Dimitris Kravaritis

Personal information
- Born: March 28, 1972 (age 54) Greece

Medal record
Men's water polo
Representing Greece
European Games
| Bronze medal – third place | 2015 Baku | Team (coach) |

= Dimitris Kravaritis =

Greek water polo player

Dimitris Kravaritis (Δημήτρης Κραβαρίτης, born 28 March 1972) is a retired Greek water polo player who played his entire career for Olympiacos. He is the current head coach of Greece Junior national water polo team, whom he led to the bronze medal at the 2015 European Games at Baku and the current assistant coach of Greece men's national water polo team as well. He is also the head of Olympiacos Water Polo Academy.

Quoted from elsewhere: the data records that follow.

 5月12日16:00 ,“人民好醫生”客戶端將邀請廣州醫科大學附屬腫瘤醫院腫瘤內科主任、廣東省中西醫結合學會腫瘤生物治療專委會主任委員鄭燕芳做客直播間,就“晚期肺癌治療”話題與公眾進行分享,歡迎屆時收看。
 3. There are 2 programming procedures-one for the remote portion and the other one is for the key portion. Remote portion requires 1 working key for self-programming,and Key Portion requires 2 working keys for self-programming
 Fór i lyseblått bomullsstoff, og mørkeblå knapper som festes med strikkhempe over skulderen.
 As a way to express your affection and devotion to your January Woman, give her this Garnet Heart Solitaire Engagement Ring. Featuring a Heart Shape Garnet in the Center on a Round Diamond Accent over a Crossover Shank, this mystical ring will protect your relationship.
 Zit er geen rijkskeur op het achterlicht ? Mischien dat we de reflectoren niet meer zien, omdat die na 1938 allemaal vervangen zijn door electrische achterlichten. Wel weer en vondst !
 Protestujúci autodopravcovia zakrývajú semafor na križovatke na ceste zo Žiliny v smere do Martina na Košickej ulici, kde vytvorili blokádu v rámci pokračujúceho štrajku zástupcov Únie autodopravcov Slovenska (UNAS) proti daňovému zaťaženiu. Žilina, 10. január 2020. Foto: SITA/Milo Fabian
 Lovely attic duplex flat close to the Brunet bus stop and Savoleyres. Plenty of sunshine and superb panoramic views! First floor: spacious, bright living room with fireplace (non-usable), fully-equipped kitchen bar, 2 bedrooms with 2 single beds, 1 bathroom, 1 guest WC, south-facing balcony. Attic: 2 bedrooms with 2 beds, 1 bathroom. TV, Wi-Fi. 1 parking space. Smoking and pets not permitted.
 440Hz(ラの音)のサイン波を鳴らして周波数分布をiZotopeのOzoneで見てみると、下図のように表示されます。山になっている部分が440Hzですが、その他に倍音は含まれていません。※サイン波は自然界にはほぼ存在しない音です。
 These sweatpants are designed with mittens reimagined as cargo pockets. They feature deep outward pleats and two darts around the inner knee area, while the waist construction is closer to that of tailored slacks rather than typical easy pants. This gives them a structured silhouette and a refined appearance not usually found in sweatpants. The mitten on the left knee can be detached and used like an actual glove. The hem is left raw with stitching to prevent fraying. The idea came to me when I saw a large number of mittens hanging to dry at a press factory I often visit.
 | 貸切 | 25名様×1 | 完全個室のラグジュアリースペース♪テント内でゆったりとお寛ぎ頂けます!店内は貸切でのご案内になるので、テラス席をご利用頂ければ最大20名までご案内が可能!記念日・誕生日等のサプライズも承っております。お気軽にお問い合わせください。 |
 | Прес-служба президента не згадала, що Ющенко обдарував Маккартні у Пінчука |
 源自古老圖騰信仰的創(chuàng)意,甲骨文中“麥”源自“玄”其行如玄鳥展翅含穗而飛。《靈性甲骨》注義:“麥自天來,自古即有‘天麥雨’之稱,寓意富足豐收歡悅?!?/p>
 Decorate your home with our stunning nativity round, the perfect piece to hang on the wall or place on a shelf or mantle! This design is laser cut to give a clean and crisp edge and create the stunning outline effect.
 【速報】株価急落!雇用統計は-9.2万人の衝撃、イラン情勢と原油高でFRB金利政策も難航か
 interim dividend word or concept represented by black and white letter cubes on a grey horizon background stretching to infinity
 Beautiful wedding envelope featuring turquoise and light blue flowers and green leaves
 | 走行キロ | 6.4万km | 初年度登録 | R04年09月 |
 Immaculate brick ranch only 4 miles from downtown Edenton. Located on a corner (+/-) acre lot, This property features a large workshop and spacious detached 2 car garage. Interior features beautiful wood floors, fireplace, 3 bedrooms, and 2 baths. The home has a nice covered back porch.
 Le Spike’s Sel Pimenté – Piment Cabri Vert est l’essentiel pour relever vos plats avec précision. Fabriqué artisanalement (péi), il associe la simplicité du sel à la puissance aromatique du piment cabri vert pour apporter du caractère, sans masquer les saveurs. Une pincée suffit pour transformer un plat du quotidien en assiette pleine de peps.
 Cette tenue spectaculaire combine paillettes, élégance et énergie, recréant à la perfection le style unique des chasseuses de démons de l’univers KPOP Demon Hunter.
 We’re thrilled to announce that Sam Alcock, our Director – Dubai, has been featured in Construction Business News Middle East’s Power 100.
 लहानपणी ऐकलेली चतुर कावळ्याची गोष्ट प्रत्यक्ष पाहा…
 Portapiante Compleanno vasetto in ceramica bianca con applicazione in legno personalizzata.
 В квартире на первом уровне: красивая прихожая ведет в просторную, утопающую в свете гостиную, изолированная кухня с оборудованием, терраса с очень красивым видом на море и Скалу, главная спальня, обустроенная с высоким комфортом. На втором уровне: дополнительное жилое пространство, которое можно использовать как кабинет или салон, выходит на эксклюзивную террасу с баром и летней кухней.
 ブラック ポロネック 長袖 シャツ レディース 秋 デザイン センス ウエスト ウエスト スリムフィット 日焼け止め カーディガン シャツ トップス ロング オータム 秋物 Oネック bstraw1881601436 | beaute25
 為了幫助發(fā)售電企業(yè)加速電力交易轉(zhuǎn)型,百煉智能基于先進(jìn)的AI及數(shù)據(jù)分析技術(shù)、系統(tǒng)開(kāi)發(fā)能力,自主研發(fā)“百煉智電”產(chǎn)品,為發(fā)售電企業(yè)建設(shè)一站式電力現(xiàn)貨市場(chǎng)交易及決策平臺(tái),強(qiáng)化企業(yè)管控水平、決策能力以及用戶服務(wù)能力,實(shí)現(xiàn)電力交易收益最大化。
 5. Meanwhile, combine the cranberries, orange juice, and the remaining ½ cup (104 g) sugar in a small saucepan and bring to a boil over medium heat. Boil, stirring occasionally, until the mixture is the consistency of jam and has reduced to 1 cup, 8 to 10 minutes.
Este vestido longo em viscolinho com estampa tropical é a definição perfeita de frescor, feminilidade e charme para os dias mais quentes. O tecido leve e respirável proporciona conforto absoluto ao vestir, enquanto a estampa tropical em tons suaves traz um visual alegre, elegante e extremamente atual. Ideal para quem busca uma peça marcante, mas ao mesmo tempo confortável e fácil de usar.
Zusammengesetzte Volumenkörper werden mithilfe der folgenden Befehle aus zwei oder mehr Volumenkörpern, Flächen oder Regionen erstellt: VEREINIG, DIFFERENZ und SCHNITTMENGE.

As a player, Kravaritis played his entire career for Olympiacos, where he won numerous titles including the 2002 LEN Champions League. He was also a member of the Greece men's national water polo team. After his retirement, he became head of Olympiacos Academy. Besides his work at the Academy, he was assistant coach of Olympiacos under coaches Vangelis Pateros and Thodoris Vlachos. In 2014 he became assistant coach of Greece men's national water polo team and in 2015 head coach of the Greece Junior national water polo team, whom he led to the bronze medal at the 2015 European Games at Baku.